But two months ago, a high-scale salon moved into a storefront three doors away from the hairdresser. The new salon’s glitzy signs and fancy décor was appealing. Their list of salon and spa services was extensive. Everyone in the village was excited to have a new business in town; everyone but the hairdresser who thought she owned the market.

Every entrepreneur wishes they were the only game in town. I felt that way too when I started my first company. At the time, there was only one other event company in Syracuse. A couple years after I opened my doors three other event companies opened shop. During that period, I learned what I had to do to remain confident.

First, I realized no two businesses are alike no matter how similar they appear. Every company has a unique niche within their field. It is up to the entrepreneur to understand their niche so they can market their company appropriately. For example, as an event manager I was excellent at promoting events but not decorating venues.

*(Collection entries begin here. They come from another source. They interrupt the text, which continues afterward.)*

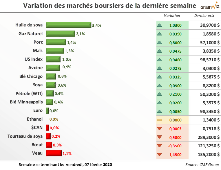 Bien entendu, le grand inconnu actuel demeure du côté de la Chine avec le coronavirus qui poursuit sa propagation, et la grande question à savoir si oui ou non, la Chine réalisera des achats plus substantiels de maïs (... éthanol et... Pour en savoir plus sur la situation actuelle et la tendance des marchés des grains et des viandes au Québec, lisez la suite dans la dernière édition du 10 février 2020 de la lettre financière.
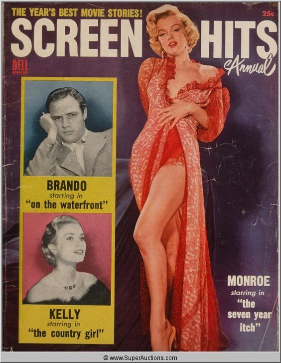 Color Transparency Slide of Marilyn Monroe who was featured as the Cover Girl on the cover of Screen Hits Magazine. Also featuring Marlon Brando and Grace Kelly on the cover. It is a transparency from a picture taken of the actual publication.
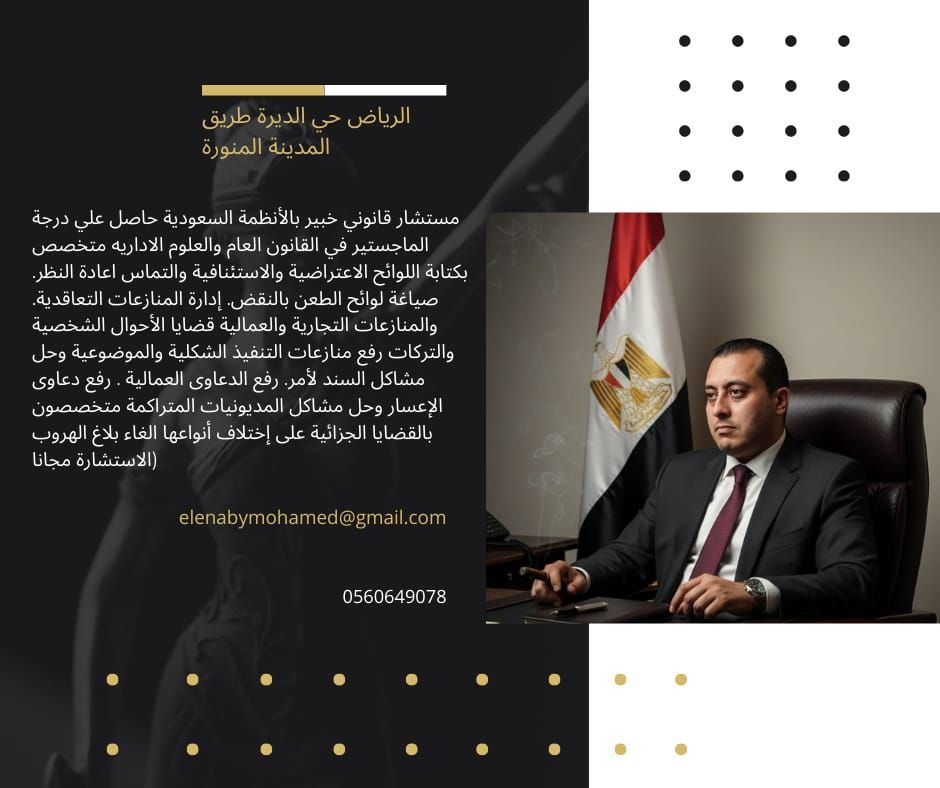 مستشار قانوني خبير بالأنظمة السعودية حاصل علي درجة الماجستير في القانون العام والعلوم الاداريه متخصص بكتابة اللوائح الاعتراضية والاستئنافية والتماس اعادة النظر. صياغة لوائح الطعن بالنقض. إدارة المنازعات التعاقدية. والمنازعات التجارية. والعمالية. قضايا الأحوال الشخصية والتركات. رفع منازعات التنفيذ الشكلية والموضوعية وحل مشاكل السند لأمر. رفع الدعاوى العمالية. رفع دعاوى الإعسار وحل مشاكل المديونيات
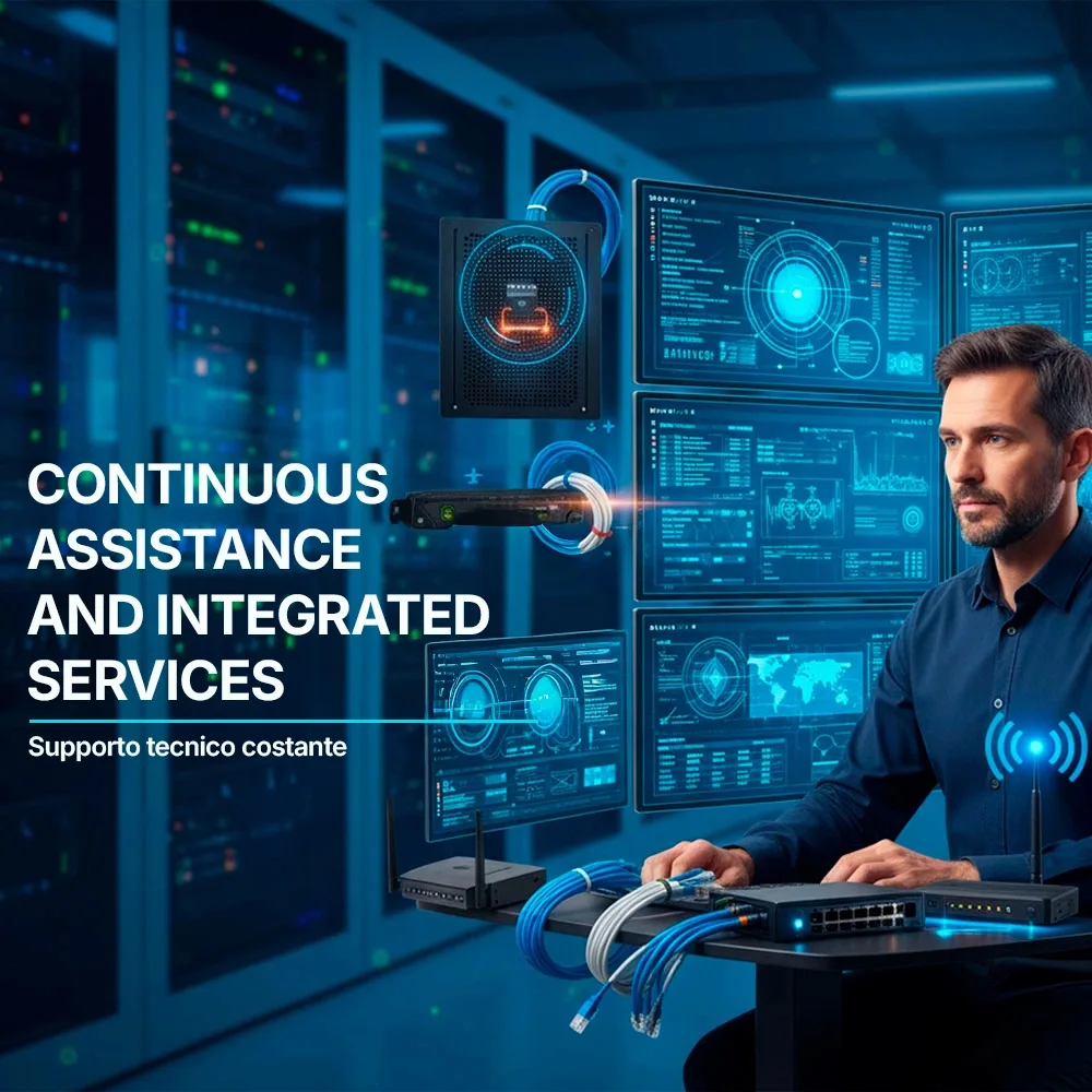 From dedicated internet lines (fiber, SD-WAN) to next-gen firewalls, through structured physical networks, managed switches, enterprise Wi-Fi with optimized coverage and VLAN segmentation, we guarantee 24/7 technical support from competent, certified, and customer-close people.
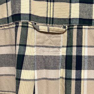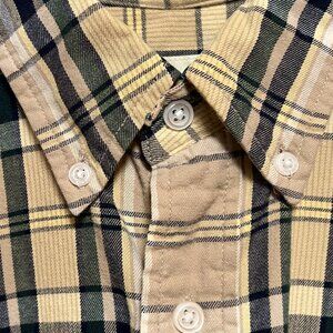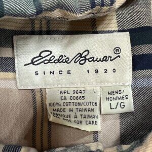 Eddie Bauer Plaid Tan Blue Green Button Up Short Sleeve Men's Size Large
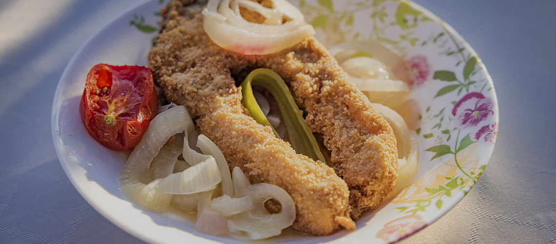 Tojás, liszt, és zsemlemorzsa klasszikus panírjába forgatott ponty patkókat forró olajban egy serpenyőben kirántunk. Közben egy másik serpenyőben kevés olajon sózott vöröshagymát fonnyasztunk, de csak enyhén. Ecetes cukros babérleveles szemesborsos édes-savanyú öntetet készítünk, és egy nagy tálba belekanalazzuk a levet, a hagymát, majd rátesszük a ponty szeleteket, és így rétegenként összerakjuk a tálat. Ezt kettő, de inkább három napra a hűtőbe tesszük, és akkor készül majd el.
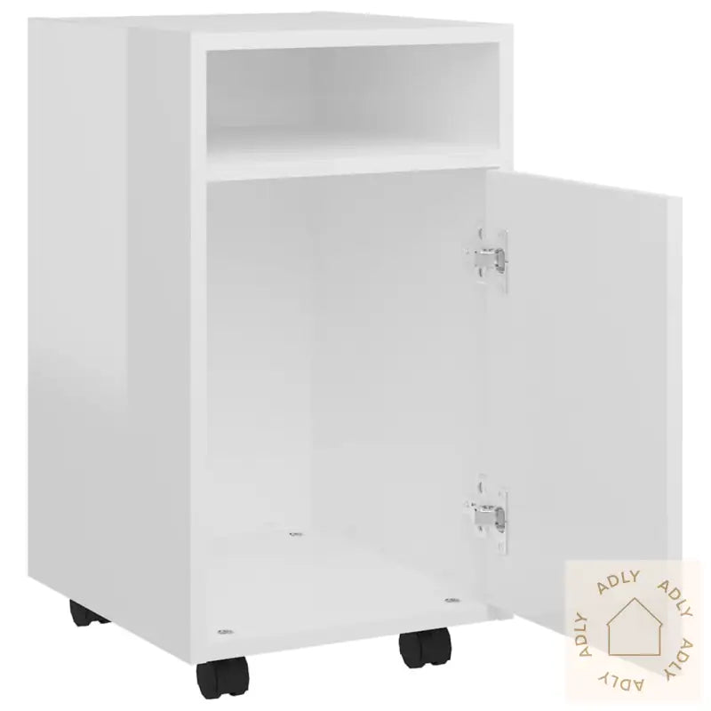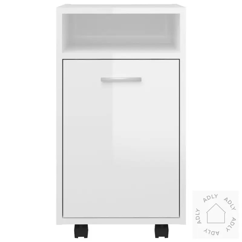 Dette stilige skapet i høyglans hvit har både en hylle og et rom som gir rikelig med lagringsplass. Her kan du enkelt holde det viktigste samlet, enten det er bøker, interiørdetaljer eller ting du vil ha lett tilgjengelig. I tillegg får du en solid overflate på toppen der du kan sette fra deg koppen, legge en bok eller vise fram favorittpyntegjenstandene dine.

After studying my competition, I realized this difference and added promotional services to my event management contracts; and turned down event decorating proposals.

Second, a company’s pricing can play a vital role in the clientele they attract. The hairdresser will probably retain customers who aren’t willing to pay high end prices at the new salon. She needs to research the competitor’s pricing, understand the differences and then market her company appropriately. Entrepreneurs should analyze their competitor’s pricing on a semi-annual basis.

Third, entrepreneurs must realize they can’t do business with everyone. We must identify our target market and advertise to that segment. Early in my event business, I realized I enjoyed managing golf tournaments more than planning weddings. This revelation helped me pitch services to organizations planning golf tournaments and to turn down bridal show vendor invitations. Make sure you understand the market you want to serve.

Bottom line, no business ever dominates an industry for long. Competition is a healthy and essential part of a great business environment. Most importantly it can help entrepreneurs appreciate their unique “corner” on the market.